How to perform a rolling upgrade
MDL includes a Lambda function which takes care of managing configurations and invoking a zero-downtime upgrade to Herd, below are steps on how to use the aforementioned Lambda function to perform a rolling upgrade:
-
Login to the AWS console and find the Upgrade-utility lambda function, it is named in the following format:
${MDLInstanceName}-Herd-${Environment}-UPGRADE-HERD-LAMBDA-FUNCTION
eg.MDL-Herd-dev-UPGRADE-HERD-LAMBDA-FUNCTION
-
Invoke the lambda function with the following event (payload):
{ "RequestedVersion": "<desired-herd-version>" }
The lambda function can be invoked in the following ways:
- Using the AWS CLI's invoke-lambda command.
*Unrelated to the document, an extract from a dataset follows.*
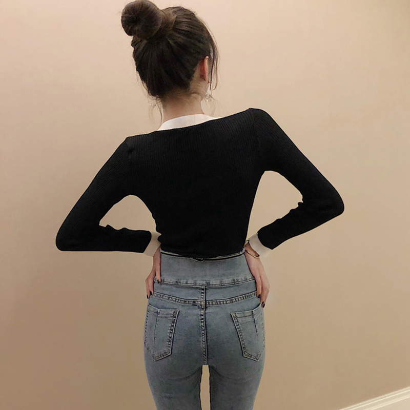 chic百搭顯瘦打底薄毛衣女秋冬裝2018新款時尚復古V領套頭針織衫
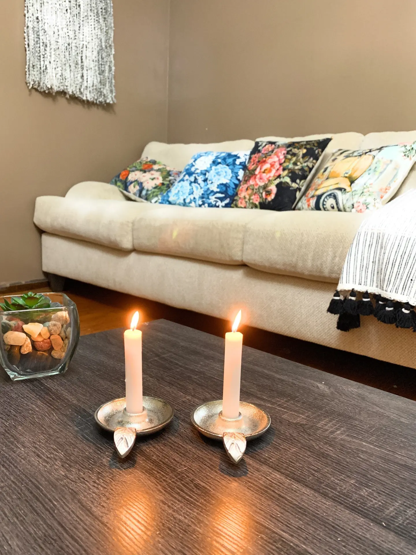 100% Aluminum. Set of 2 Taper Candle Holder with rustic silver finish. Handle is shape of a leaf. Handcrafted by Artisan Dimensions: 3.6″L, 3.6″ W, 1.5″H. Dish is 3.6″, 3.8 oz Great for weddings, restaurants, spas and other decorative purposes Perfect for standard size taper candles Add a touch of elegance and charm to any space with these beautifully crafted 100% aluminum candlestick holders. With a rustic silver finish and a unique leaf-shaped handle, these holders are both stylish and practical. Perfect for weddings, restaurants, spas, or any other decorative setting, these candlestick holders will add a warm and welcoming ambiance to any occasion. Handcrafted by skilled artisans, each holder measures 3.6″L x 3.6″W x 1.5″H and can hold standard size taper candles. Whether you’re hosting a special event or looking for a new way to decorate your home, these candlestick holders are the perfect addition to your collection.

- From the AWS Lambda console, manually invoke the Lambda function using a test-event.
- Using the AWS-SDK.
Try it out!
To try out a zero-downtime deployment, check out our walk-through tutorial which will guide you through a sample deployment using the AWS Lambda console.
Troubleshooting¶
Problem
Cloud formation fails with error "The maximum number of addresses has been reached". This happens while creating VPC.
Cause
The account has reached the maximum number of EIPs. EIPs are needed while configuring VPC for NatGateway.
Solution
- Recreate the MDL stack with option "VPC=false". In this case, user needs to create SSM parameters as per "CreateVPC" section in Herd-MDL CFT Specifications
- Increase the account level limit for EIPs so that NatGateway doesn't fail while allocating EIP in the account
Problem
Cloud formation fails with error "Already exists in stack". This happens while creating AWS resources.
Cause
There is already another stack with the same MDLInstanceName in the same AWS account in the same region .
Solution
- Delete the existing stack with same "MDLInstanceName" and then re-try creating the new stack
- Enter different "MDLInstanceName" for the new stack so that this does not collide with existing resources
Problem
Code Deploy fails with error "HEALTH_CONSTRAINTS". This happens with ElasticSearch/Herd/Metastor EC2 instances.
Cause
This seems to be an AWS issue that occurs occasionally. Under certain cases, CodeDeploy is unable to find the EC2 Instances created by AutoScaling group.
Solution
- Restart the Stack Creation process
Known Issues¶
- Emptying S3 buckets manually before deleting the stack
S3 buckets need to be emptied before deleting the stack. Otherwise, stack deletion fails. This will be fixed in future releases such that MDL takes care of emptying the buckets when Stack Deletion is triggered.
- Deleting SSM parameters manually before deleting the stack
Some of the SSM parameters need to be deleted before deleting the stack. Note that Stack Deletion will not fail. However, these SSM parameters will be stale, if they are not cleaned-up. Search for all the SSM parameters with "MDLInstanceName" and delete the same for clean-up. This will be fixed in future releases such that MDL takes care of deleting all the SSM parameters, when Stack Deletion is triggered.
- Deleting RDS Snapshots
AWS account has limits for number of RDS snapshots stored. MDL by default stores the RDS snapshot before deleting the same. If the number of RDS snapshots reach the AWS account limit, then MDL cannot delete the stack due to RDS snapshot issue. In this case, the user either needs to clean-up existing RDS snapshots or increase the RDS snapshot limit for the AWS account.